NSX-T Manager appliance high-CPU whilst idle

I run VMware NSX-T in a small lab environment based on Intel NUCs, but I’ve noticed recently that even when not being challenged e.g. following initial boot and being essentially idle, the Manager appliance suffers continual high CPU usage which leads eventually to an uncomfortably warm office.

Even though running the correct minimum virtual machine hardware for the appliance has been configured, i.e. 4 vCPU and 16GB RAM, it was regularly using ~4.5GHz of physical CPU.

Here’s a good example of an otherwise idle appliance showing 40% CPU usage.

~40% CPU on a 4 vCPU virtual appliance

After connecting over SSH as the ‘admin’ user and entering ‘get process monitor’ it’s quickly apparent from the top output that ‘rngd’ is responsible for the majority of the CPU utilisation:

‘get process monitor’ whilst logged in as NSX-T admin console user

But what is this?

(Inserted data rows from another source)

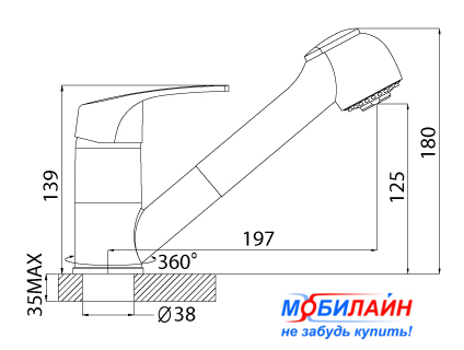 однорычажный смеситель для умывальника, монтаж на раковину или столешницу
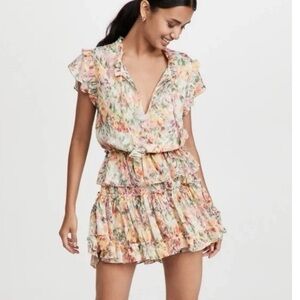 This is a MISA Los Angeles Lilian dress in a floral print crinkle chiffon.
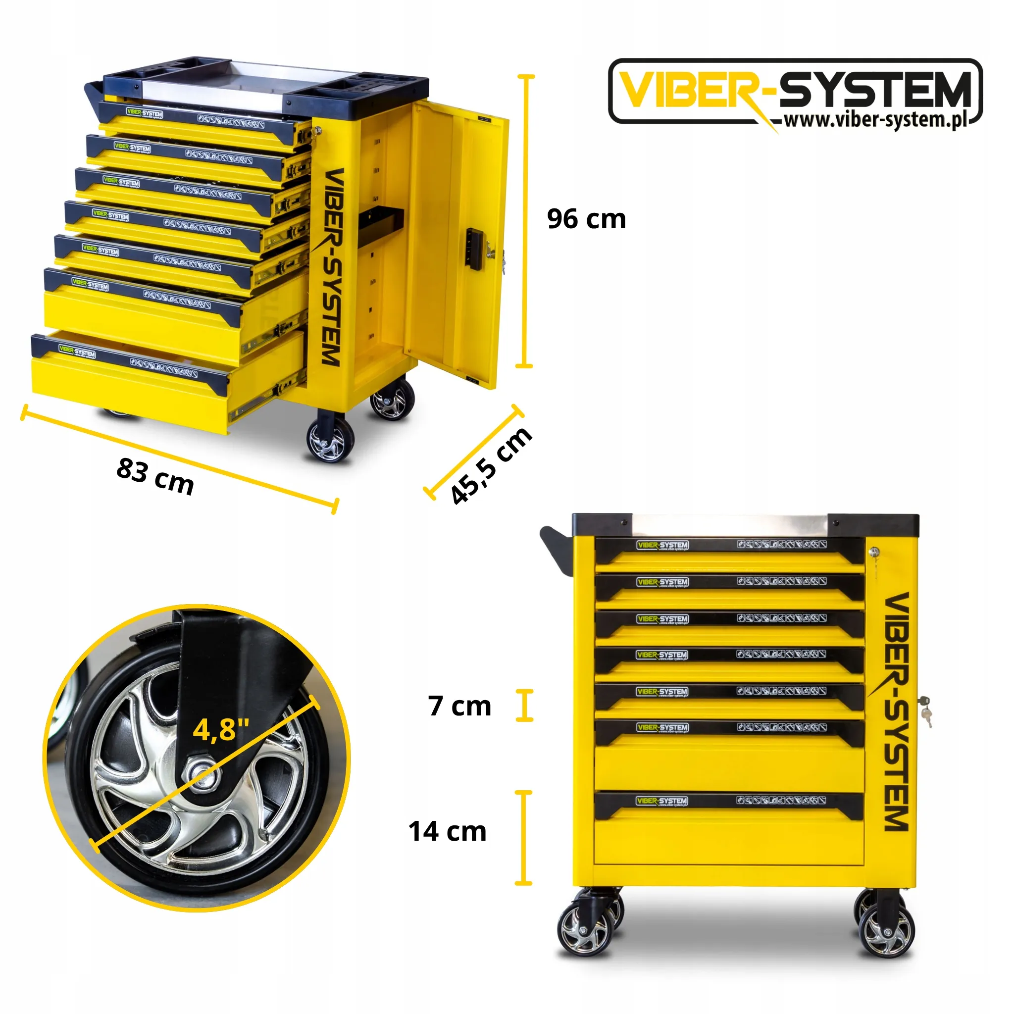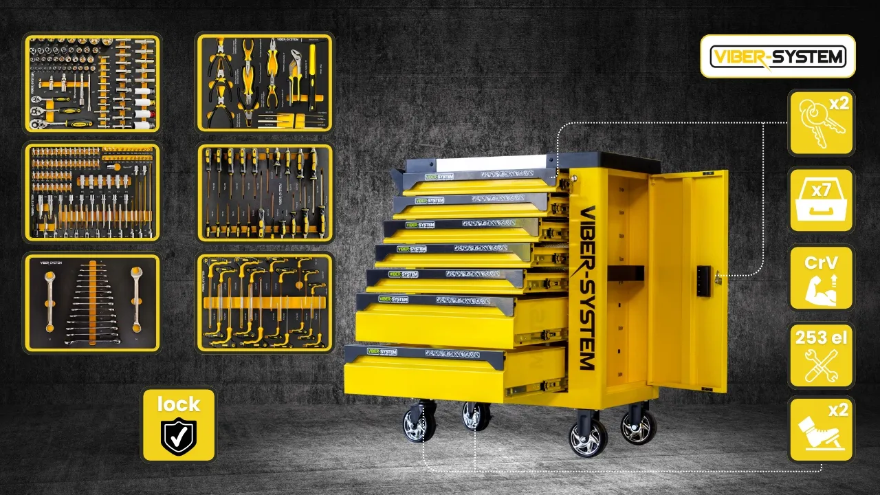 Viber-System SZN254 to wózek narzędziowy klasy premium, stworzony dla wymagających mechaników, serwisów technicznych oraz użytkowników ceniących porządek i efektywną pracę. Solidna konstrukcja ze stali SPCC, wykończona trwałą powłoką proszkową, zapewnia odporność na intensywną eksploatację, uderzenia i korozję – idealny wybór do profesjonalnych warsztatów i garaży.

A quick search of more general Linux resources informs us that it is a random number generator used in ensuring sufficient ‘entropy’ is available during creation of certificates, SSH keys etc.

In order to discover more about the purpose of this daemon we can inspect the description of the installed version (5-0ubuntu4nn1) under the current Ubuntu 18.04.4 LTS release.

apt show rng-tools/now

Description: Daemon to use a Hardware TRNG
The rngd daemon acts as a bridge between a Hardware TRNG (true random number
generator) such as the ones in some Intel/AMD/VIA chipsets, and the kernel’s
PRNG (pseudo-random number generator).
.
It tests the data received from the TRNG using the FIPS 140-2 (2002-10-10)
tests to verify that it is indeed random, and feeds the random data to the
kernel entropy pool.
.
This increases the bandwidth of the /dev/random device, from a source that
does not depend on outside activity. It may also improve the quality
(entropy) of the randomness of /dev/random.
.
A TRNG kernel module such as hw_random, or some other source of true
entropy that is accessible as a device or fifo, is required to use this
package.
.
This is an unofficial version of rng-tools which has been extensively
modified to add multithreading and a lot of new functionality.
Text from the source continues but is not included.